# Homework 4

* Assigned: 4/8 Fri
* Due: 4/22 Fri 10 AM
* Value: 3.75% of your grade
* **Remember: homeworks are to be completed individually**

In this part of the problem set, you will examine query plans that PostgreSQL uses to execute queries, and try to understand
why it produces the plan it does for a certain query. The data set you will use has the same schema as the `iowa` dataset in HW3.

**NOTE: The iowa table is fairly large with lots of rows, so please try not to run too many generic queries like “SELECT * FROM iowa”. They take a long time to execute, and slow down the database for everyone else.

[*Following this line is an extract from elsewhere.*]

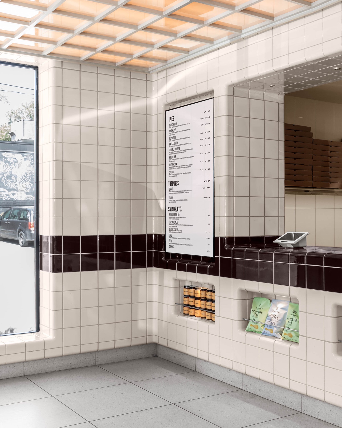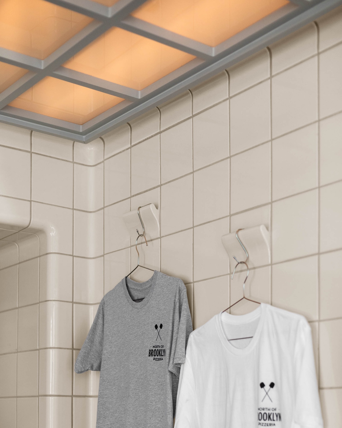 North of Brooklyn divides toppings for its custom pies into two categories — “basic” and “fancy” — and based on that classification system, this ground floor area (which also houses the pizzeria’s kitchen) sticks to tasty but unfussy ingredients. In this case, instead of basil, olives or pepperoni, it’s DTILE molded tiles, which wrap around the entire room and even seamlessly curve into a row of counter display niches that showcase sauces and sodas. In a few cases, the tiles even fold outwards to create clothing hooks for restaurant merch.

Please see Jupyter notification for shutting down queries.**   

**EXPLAINs are fine since they don't actually execute the queries. When running a query, always use LIMIT clauses and/or selection filters to reduce the number of rows produced.**

### Jupyter Notes: _Read these carefully_

* You **may** create new IPython notebook cells to use for e.g. testing, debugging, exploring, etc.- this is encouraged in fact!- **just make sure that you run the final cell to submit your results**
  * you can press shift+enter to execute to code in the cell that your cursor is in.
* When you see `In [*]:` to the left of the cell you are executing, this means that the code / query is _running_. Please wait for the execution to complete
    * **If the cell is hanging- i.e. running for too long: you can restart the kernel**
    * To restart kernel using the menu bar: "Kernel >> Restart >> Clear all outputs & restart"), then re-execute cells from the top
* _Have fun!_

### Before Starting
**Please run the following cells to allow COMPLETE output for EXPLAIN query, and connect to db**

In [1]:
!pip3 install sqlalchemy # ORM for databases
!pip3 install ipython-sql # SQL magic function



In [2]:
%load_ext sql

In [3]:
%sql postgresql://student:w4111student@w4111.cisxo09blonu.us-east-1.rds.amazonaws.com/w4111

  """)


'Connected: student@w4111'

In Part II, we have provided you with the following indexes:

    Indexes:
      "iowa_cat_btree" btree (category)
      "iowa_date" btree (date)
      "iowa_dt_store_item_vendor_tree" btree (date, store, item, vendor)
      "iowa_store_hash" hash (store)
      "iowa_store_item_vendor_dt_tree" btree (store, item, vendor, date)
      "iowa_store_tree" btree (store)
      "iowa_vendor_hash" hash (vendor)
      "iowa_vendor_tree" btree (vendor)
      "iowa_zip_hash" hash (zipcode)
      "iowa_zip_tree" btree (zipcode)

You can view the indexes of iowa using the following commands:

In [4]:
%%sql
select *
from pg_indexes
where schemaname='public' and tablename='iowa';

 * postgresql://student:***@w4111.cisxo09blonu.us-east-1.rds.amazonaws.com/w4111
10 rows affected.


schemaname,tablename,indexname,tablespace,indexdef
public,iowa,iowa_zip_tree,,CREATE INDEX iowa_zip_tree ON public.iowa USING btree (zipcode)
public,iowa,iowa_zip_hash,,CREATE INDEX iowa_zip_hash ON public.iowa USING hash (zipcode)
public,iowa,iowa_vendor_tree,,CREATE INDEX iowa_vendor_tree ON public.iowa USING btree (vendor_no)
public,iowa,iowa_vendor_hash,,CREATE INDEX iowa_vendor_hash ON public.iowa USING hash (vendor_no)
public,iowa,iowa_store_item_vendor_dt_tree,,"CREATE INDEX iowa_store_item_vendor_dt_tree ON public.iowa USING btree (store, itemno, vendor_no, date)"
public,iowa,iowa_dt_store_item_vendor,,"CREATE INDEX iowa_dt_store_item_vendor ON public.iowa USING btree (date, store, itemno, vendor_no)"
public,iowa,iowa_store_tree,,CREATE INDEX iowa_store_tree ON public.iowa USING btree (store)
public,iowa,iowa_store_hash,,CREATE INDEX iowa_store_hash ON public.iowa USING hash (store)
public,iowa,iowa_date,,CREATE INDEX iowa_date ON public.iowa USING btree (date)
public,iowa,iowa_cat_btree,,CREATE INDEX iowa_cat_btree ON public.iowa USING btree (category)


### A Quick Example

To understand what query plan is being used, PostgreSQL includes the `EXPLAIN` command. 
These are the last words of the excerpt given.